The world has lost one of the finest actors of his generation.


----------



## Pyan (Jan 4, 2011)

*RIP.*

One of the best character actors of the last thirty years, he had that knack of being himself in every part he played, without making every part into Pete Postlethwaite.

_Brassed Off_ was instrumental (hah!) in my return to playing in a brass band after forty years, and we play this, so in personal tribute:


----------



## Perpetual Man (Jan 4, 2011)

A very sad loss indeed, with a few genre credits to his name as well, most recently Clash of the Titans and Soloman Kane and, of course, Alien3.


----------



## Culhwch (Jan 4, 2011)

Devastating news to hear first thing this morning. One quote I keep seeing around the place is from Steven Spielberg, calling him the best actor in the world. He definitely had to be close. Rest in peace, Pete.


----------



## GOLLUM (Jan 4, 2011)

Yeh I heard about this last night I think. He was a fine actor, particularly in one of my favourite films of the 90s, In The Name Of The Father.

R.I.P.


----------



## sloweye (Jan 4, 2011)

I loved him as Obadiah Hakeswill in sharp, and it shows his amazing ability to act when he can go from such a nasty bit of work like that to acting in 'Lost for words' which had a tear rolling down my cheek (the bit when he took her for an ice cream)

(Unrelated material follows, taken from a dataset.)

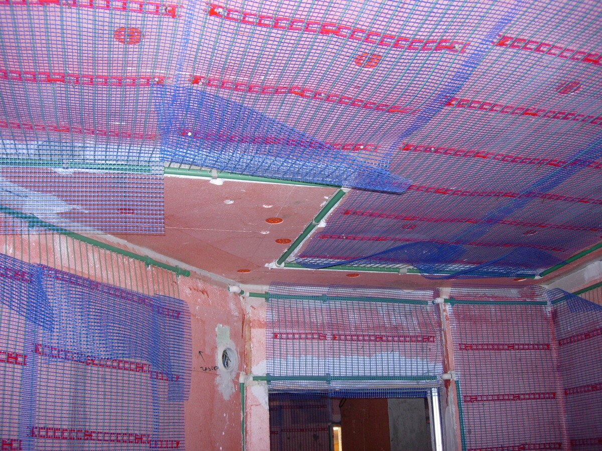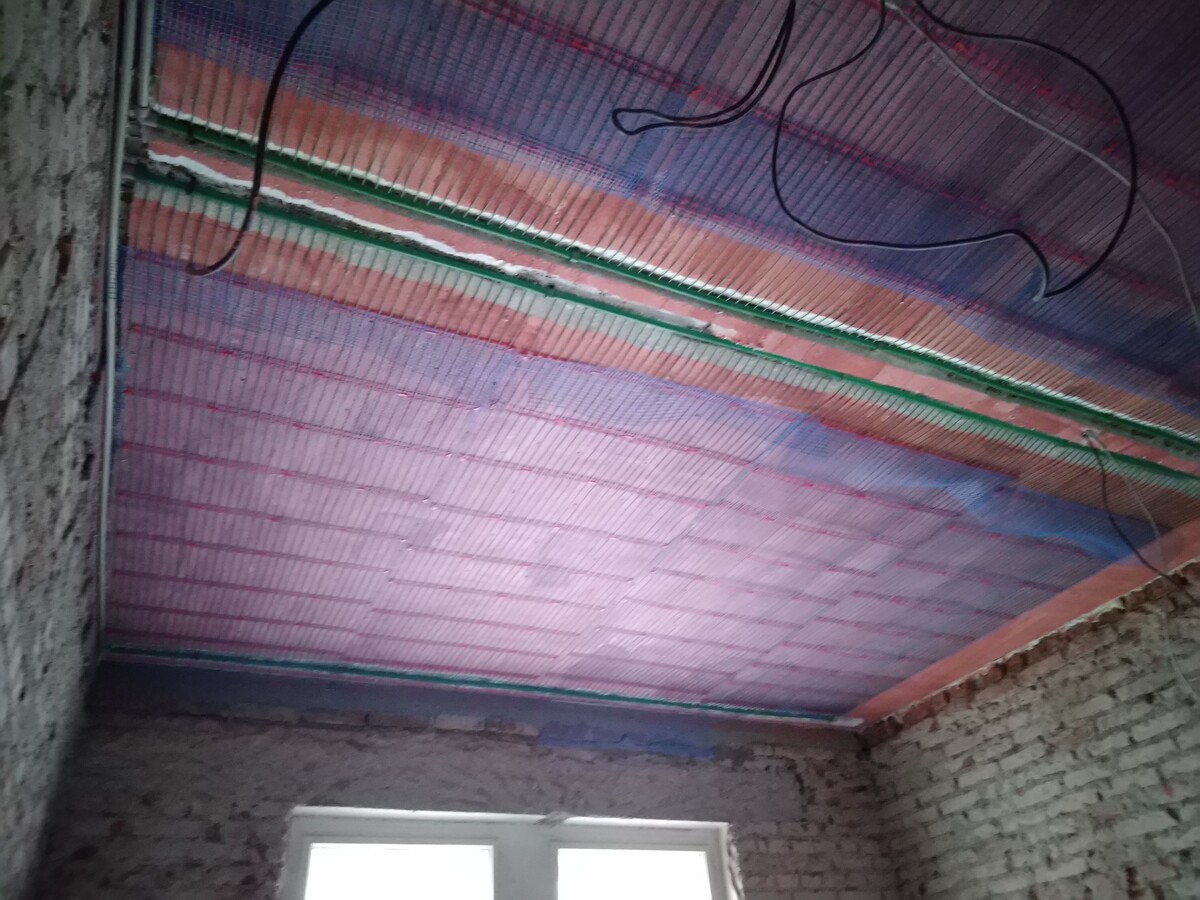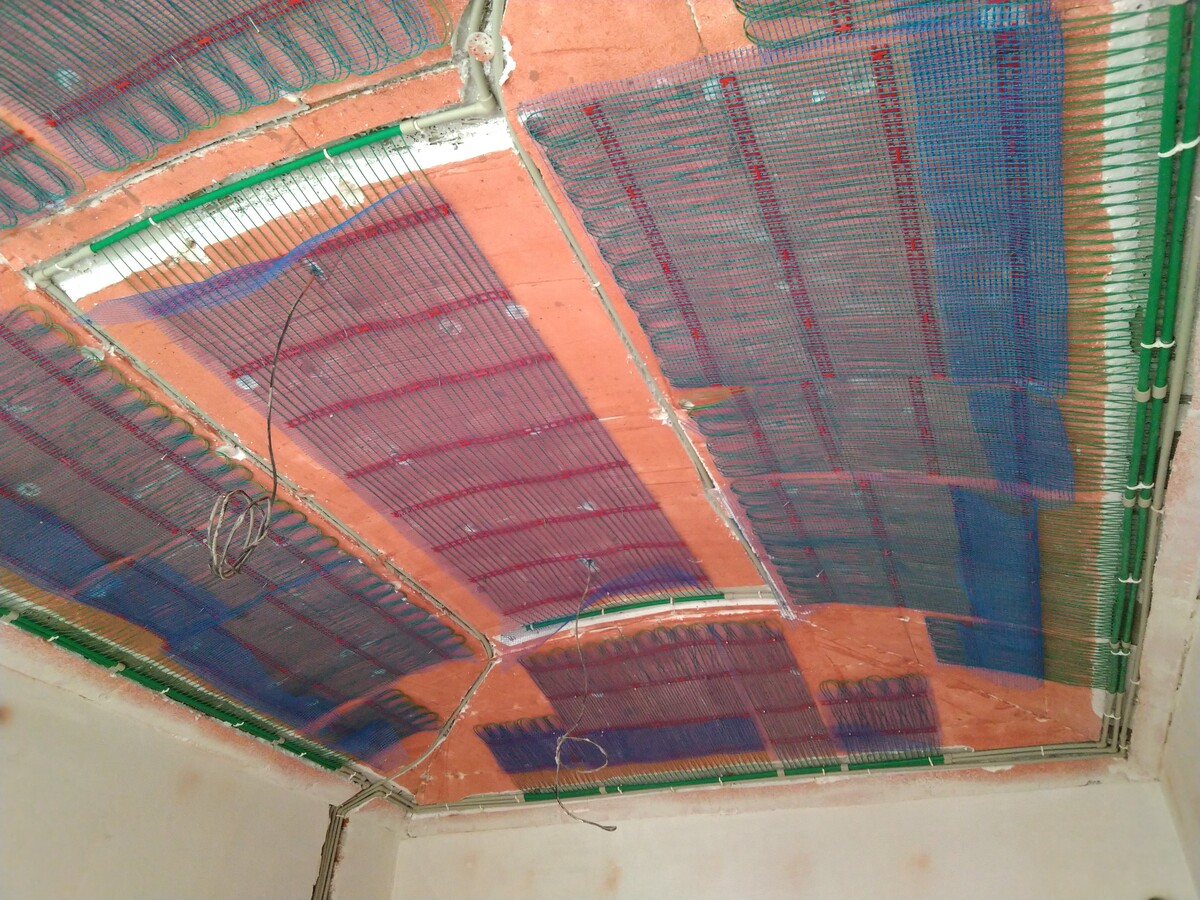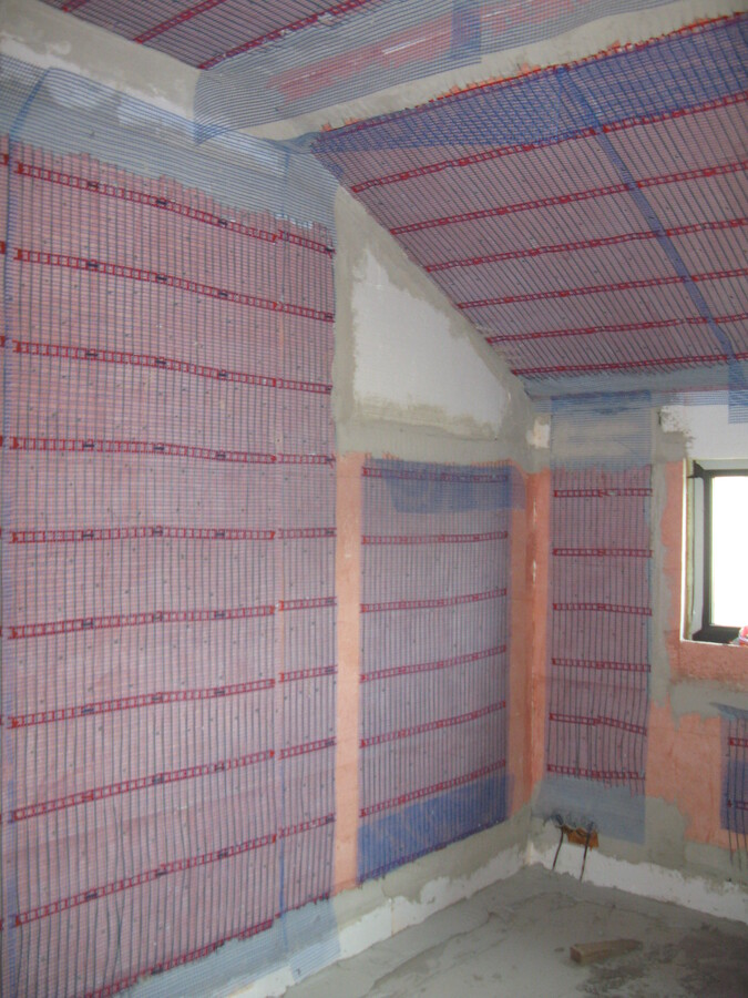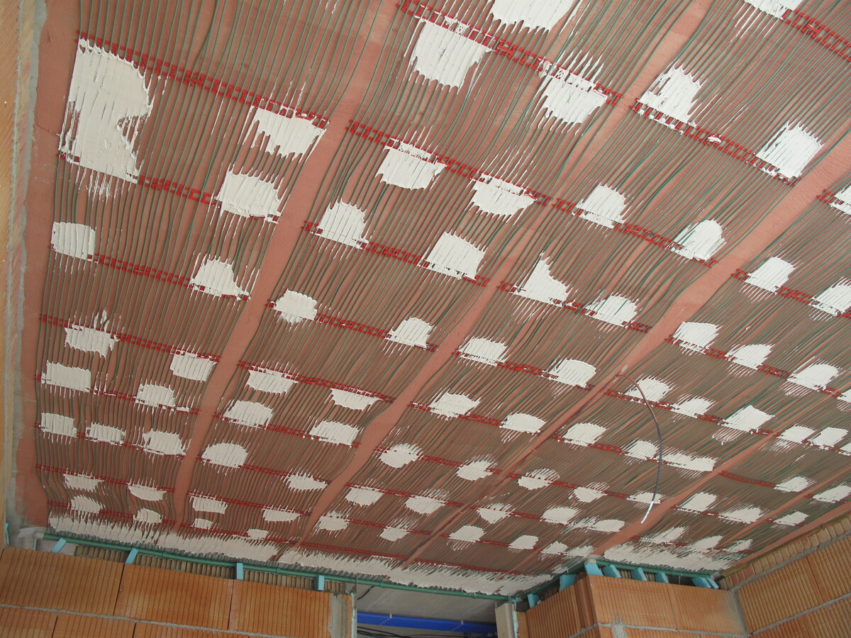 Instalace kapilárních rohoží do podlahy a stropu, tepelné čerpadlo vzduch/voda

R.I.P.you were a great man.


----------



## Tansy (Jan 4, 2011)

Amazing actor and he will be much missed, his body of work is amazing. I was always watching to see where he would pop up next


----------



## Starbeast (Jan 5, 2011)

Pete Postlethwaite was an excellent actor that I will miss, he is in two of my favorite movies that I like to watch often, _Split Second _& _Alien 3._


----------



## ravenus (Jan 5, 2011)

He was an actor with some really fine turns to his credit.


----------



## steve12553 (Jan 6, 2011)

Saw him last year in *the Town*. I really enjoyed him as an actor but he'll always be Mr. Kobishi to me.


----------



## mosaix (Jan 6, 2011)

In the irritating world of 'celebrity' he stood out as a genuinely likeable person without any pretensions - and there aren't many you can say that about.


----------



## Captain Campion (Jan 6, 2011)

He's one of those actors that I always sort of took for granted; whenever he appeared in a film he handled his characters seemingly effortlessly; naturally. 

It seemed to me he never received much credit for how his presence elevated films, even when he was not the focus. I also saw The Town recently and, again, he added that extra bit to a movie in just a few short scenes.


----------



## The Procrastinator (Jan 7, 2011)

RIP Pete. What a loss. Well said Captain Campion.


----------